START Input data

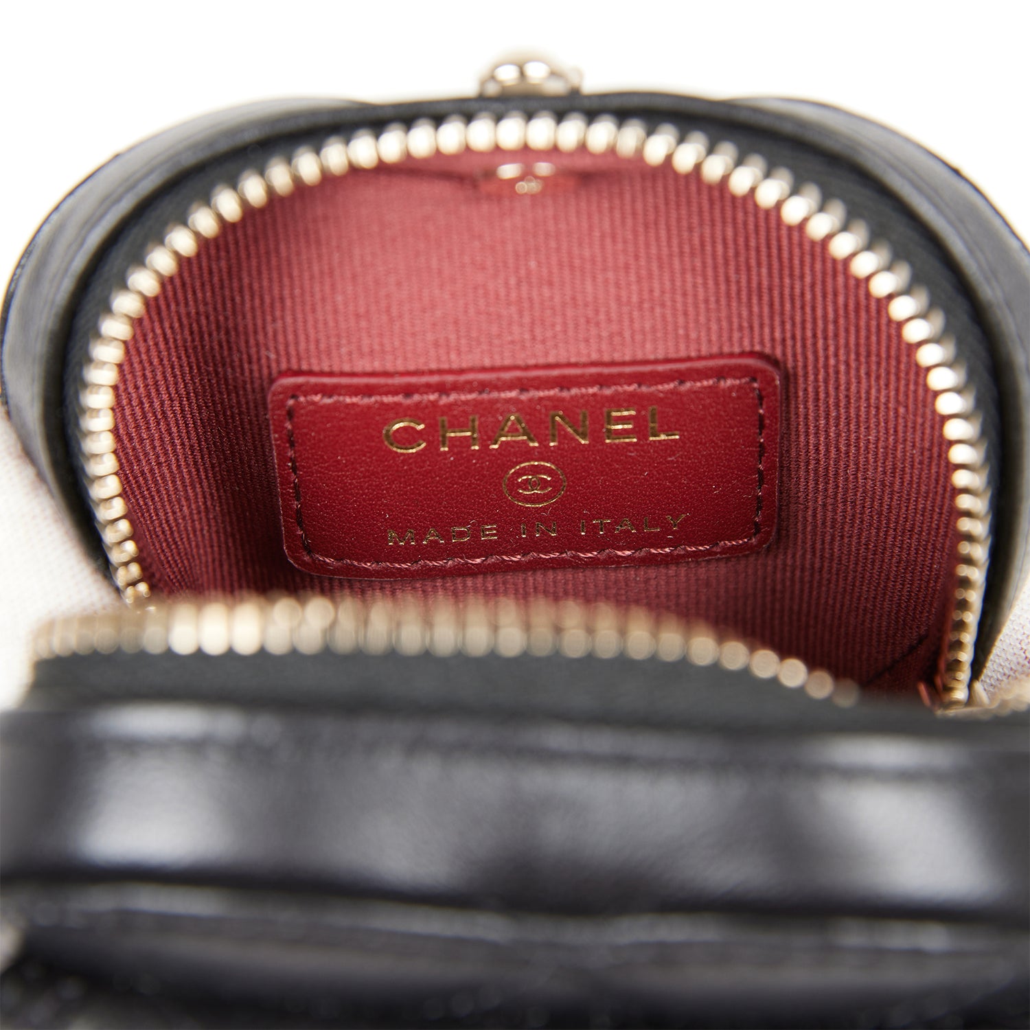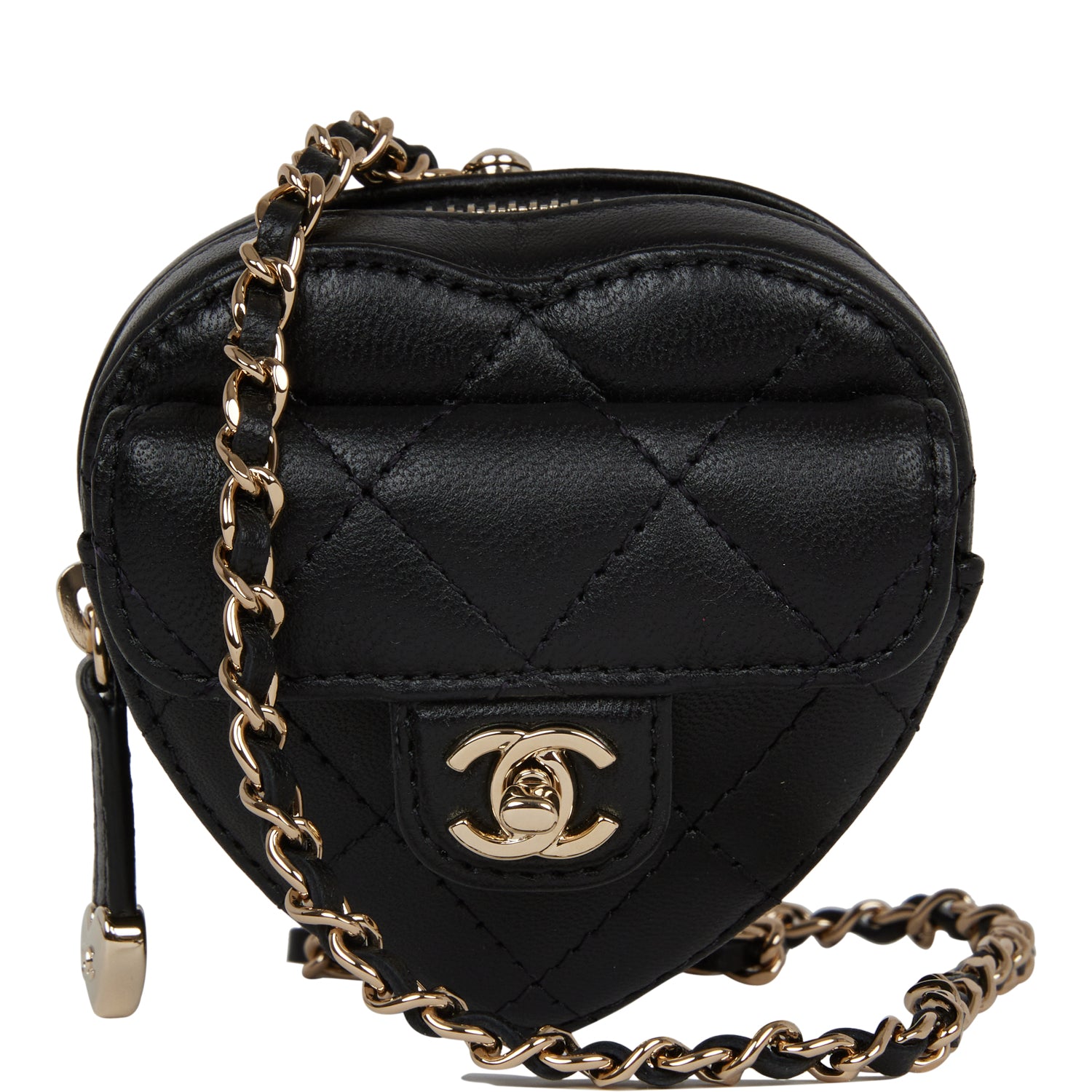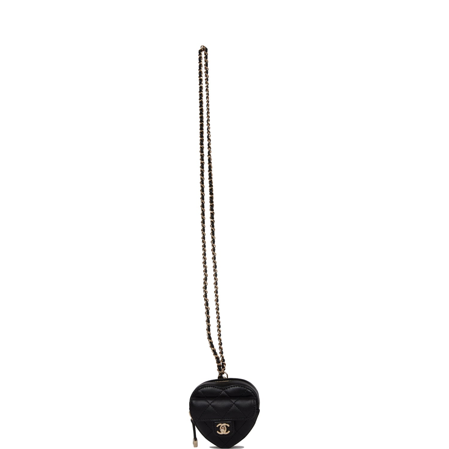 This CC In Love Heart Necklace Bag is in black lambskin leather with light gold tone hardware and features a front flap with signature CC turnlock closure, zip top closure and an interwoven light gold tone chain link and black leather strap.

END Input data
START Input data

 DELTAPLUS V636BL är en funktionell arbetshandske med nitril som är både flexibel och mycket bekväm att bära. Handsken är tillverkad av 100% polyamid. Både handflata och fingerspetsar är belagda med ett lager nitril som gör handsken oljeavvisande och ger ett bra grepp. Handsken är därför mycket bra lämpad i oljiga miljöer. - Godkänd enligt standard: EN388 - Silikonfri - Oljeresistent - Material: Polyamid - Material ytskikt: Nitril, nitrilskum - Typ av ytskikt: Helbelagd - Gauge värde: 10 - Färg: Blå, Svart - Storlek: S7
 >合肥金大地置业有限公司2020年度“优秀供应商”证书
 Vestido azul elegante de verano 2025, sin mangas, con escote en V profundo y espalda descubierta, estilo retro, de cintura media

END Input data

▸ **Your instructions**
The required answer is the exact run of lines above starting at the line with "DELTAPLUS V636BL är" and ending at the line with "Vestido azul elegante", with both ends present.

▸ **Written solution**
 DELTAPLUS V636BL är en funktionell arbetshandske med nitril som är både flexibel och mycket bekväm att bära. Handsken är tillverkad av 100% polyamid. Både handflata och fingerspetsar är belagda med ett lager nitril som gör handsken oljeavvisande och ger ett bra grepp. Handsken är därför mycket bra lämpad i oljiga miljöer. - Godkänd enligt standard: EN388 - Silikonfri - Oljeresistent - Material: Polyamid - Material ytskikt: Nitril, nitrilskum - Typ av ytskikt: Helbelagd - Gauge värde: 10 - Färg: Blå, Svart - Storlek: S7
 >合肥金大地置业有限公司2020年度“优秀供应商”证书
 Vestido azul elegante de verano 2025, sin mangas, con escote en V profundo y espalda descubierta, estilo retro, de cintura media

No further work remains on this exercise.